A terme, l’idée est de réduire les vergers conventionnels. Avec prudence toutefois car la gérante et ses associés se heurtent à de nombreuses problématiques en bio du fait de l’interdiction de nombreuses molécules et de la rareté de produits homologués. Pour autant, il est délicat pour Lucie Mazard de faire un bilan sur la valeur ajoutée de cette reconversion progressive, en raison des aléas climatiques de ces dernières années. « On a gelé à 70 % en 2020 et à 90 % en 2021, et ce malgré des tours à vent, des bougies, etc. », souligne-t-elle.
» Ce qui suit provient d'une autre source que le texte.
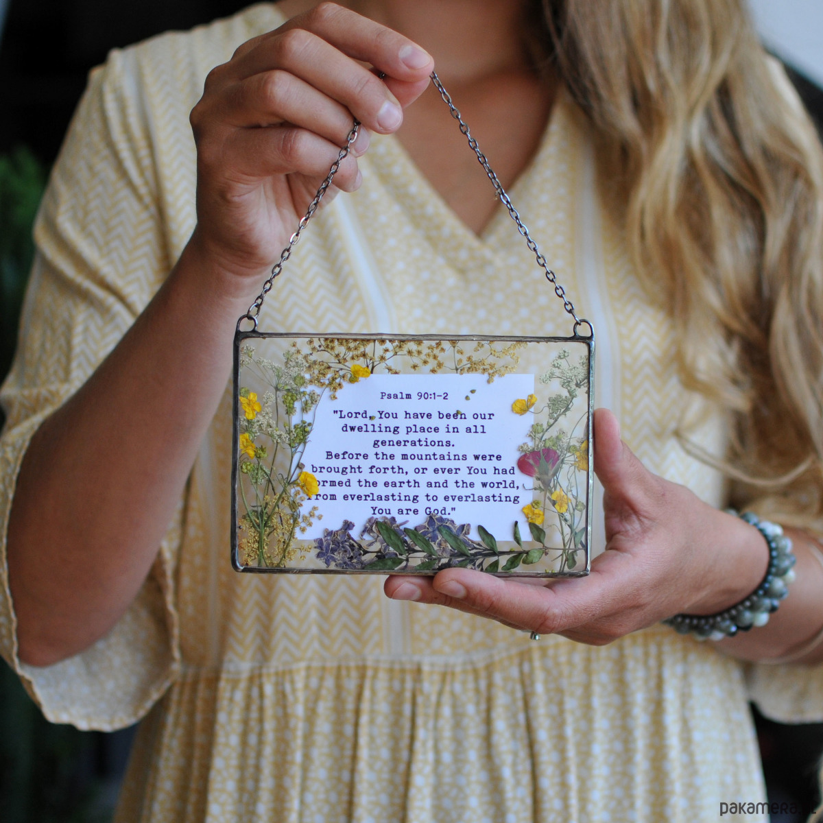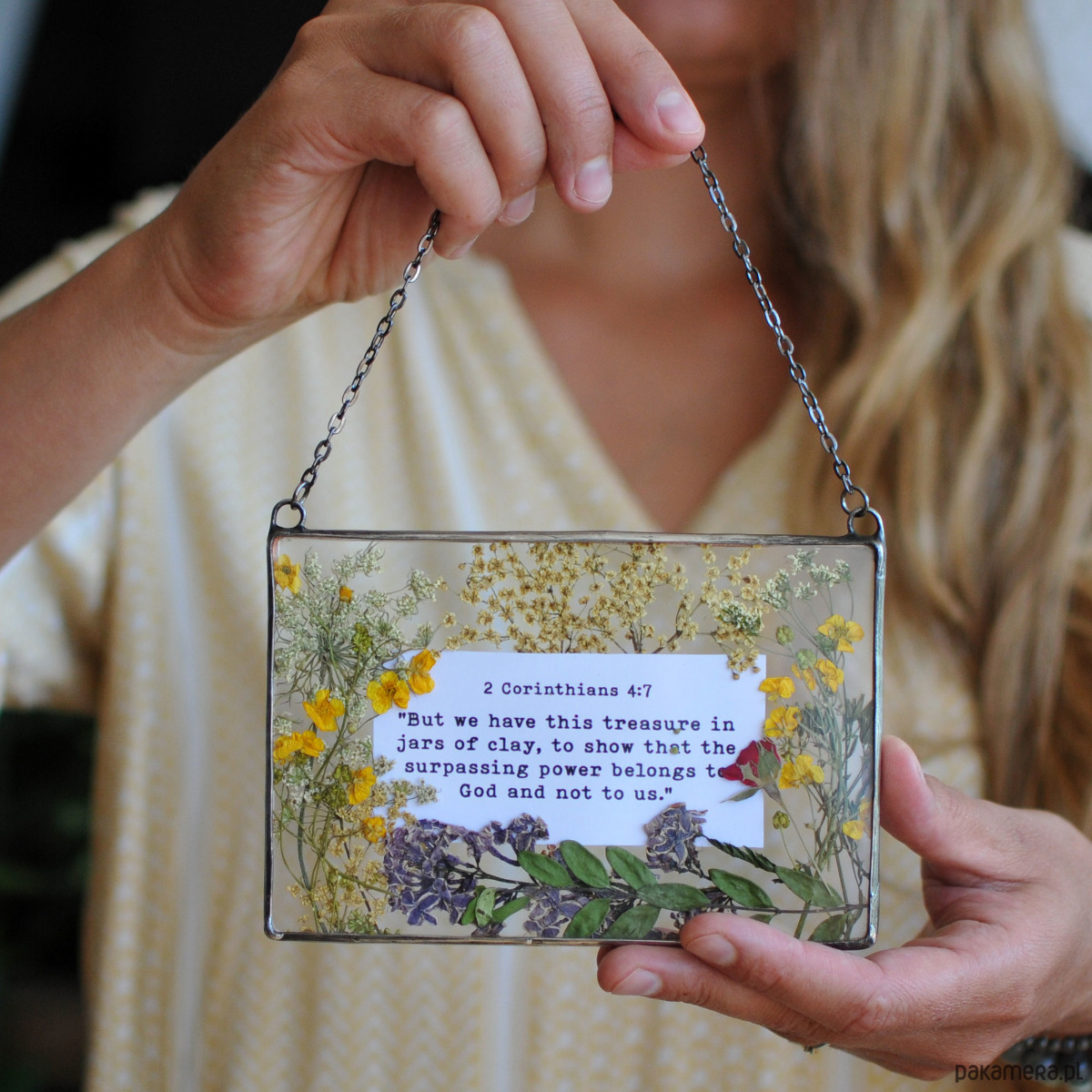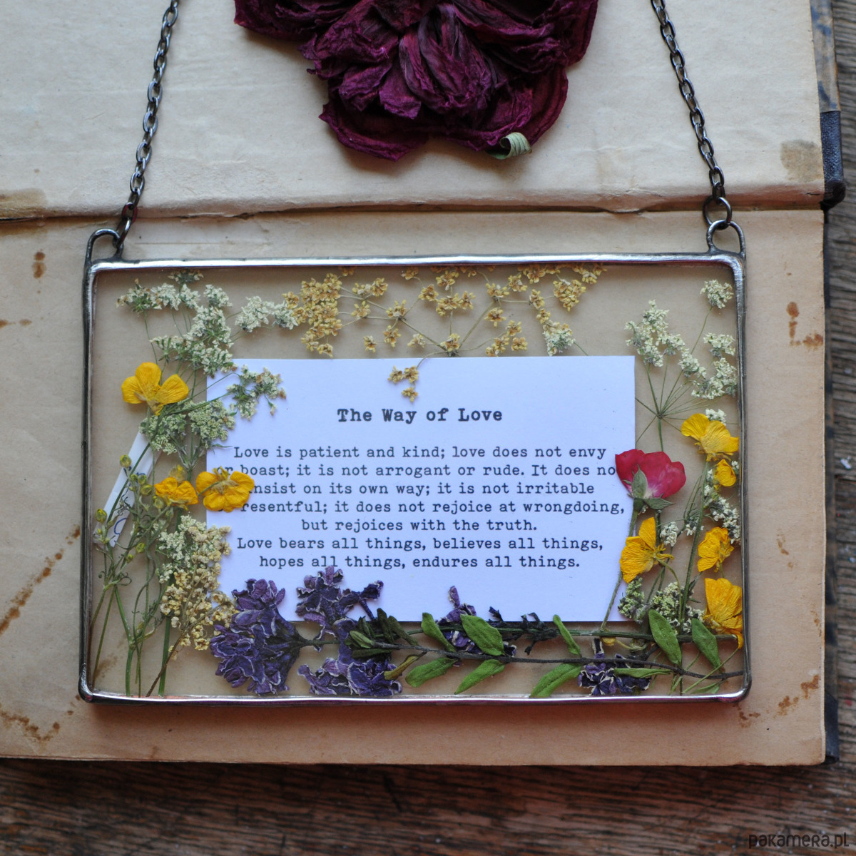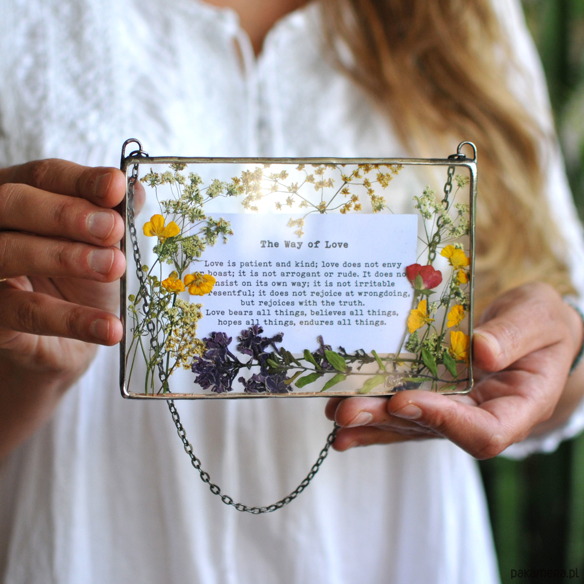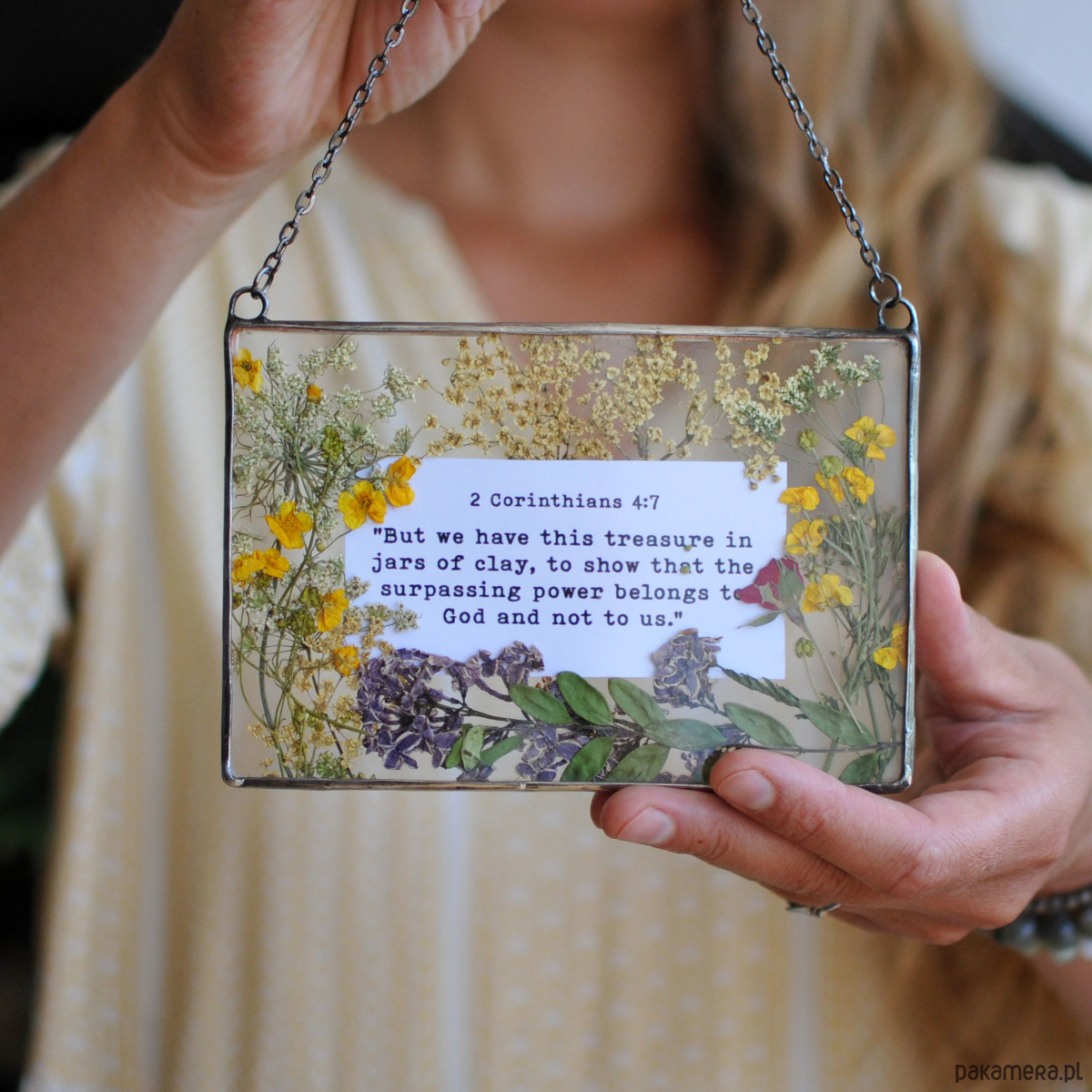 Dekoracyjny witraż z kompozycją z suszonych roślin wykonany w całości w pracowni rękodzieła MARIAELA. Prezent z klasą.

Au niveau de la commercialisation, l’arboricultrice travaille exclusivement avec la coopérative Lorifruit, qui vend, par le biais de son bureau de vente Fruits Union, les productions fruitières à des centrales d’achat ou des grossistes. Face à l’offre de fruits importante dans son secteur, elle n’envisage pas de faire de vente directe afin d’éviter toute concurrence malsaine avec ses confrères. Elle réfléchit cependant à faire évoluer le verger et anticiper le réchauffement climatique. « A l’avenir, mon projet serait de simplifier l’exploitation par des cultures mécanisables, et plus facilement récoltables », confie Lucie Mazard. Parmi ses idées, mettre en place des vergers d’oliviers et d’amandiers. « Ce sont des cultures provençales qui craignent moins le gel que nos pêchers ou abricotiers… On garderait toutefois des espèces phares comme les cerises et les prunes, qui nécessitent moins de travail technique au fil de la saison. » En attendant, les deux structures embauchent chaque année une vingtaine de saisonniers fidèles, avec l’aide d’Agri-Emploi.
Amandine Priolet
Sa préoccupation du moment : les ZNT
Lucie Mazard : « Aujourd’hui, l’une des problématiques phares du métier d’arboriculteur.trice réside selon moi autour des zones de non-traitement (ZNT). Nos vergers sont situés au beau milieu de zones d’habitations et la réglementation est difficile à respecter : en effet, on ne peut parfois pas se permettre de laisser une distance de vingt mètres, ce qui équivaudrait à laisser quatre rangées non traitées et perdre potentiellement 10 tonnes de fruits. A l’heure actuelle, ce n’est pas réalisable sur des vergers déjà existants contrairement aux nouvelles plantations où il est encore possible de s’adapter. Cette réglementation a pris en compte les attentes sociétales mais pas la faisabilité technique au niveau agricole. Il serait bon qu’une tolérance soit appliquée dans les années à venir. Nous ne sommes pas réfractaires à ce type de loi, nous nous attachons à faire attention à nos voisins, mais il est certain que le sujet des ZNT doit être revu. Dans le cas où il faudrait arracher nos arbres dans ces zones, une indemnisation serait à prévoir, même s’il est regrettable de perdre toute une surface agricole dédiée à l’arboriculture… ».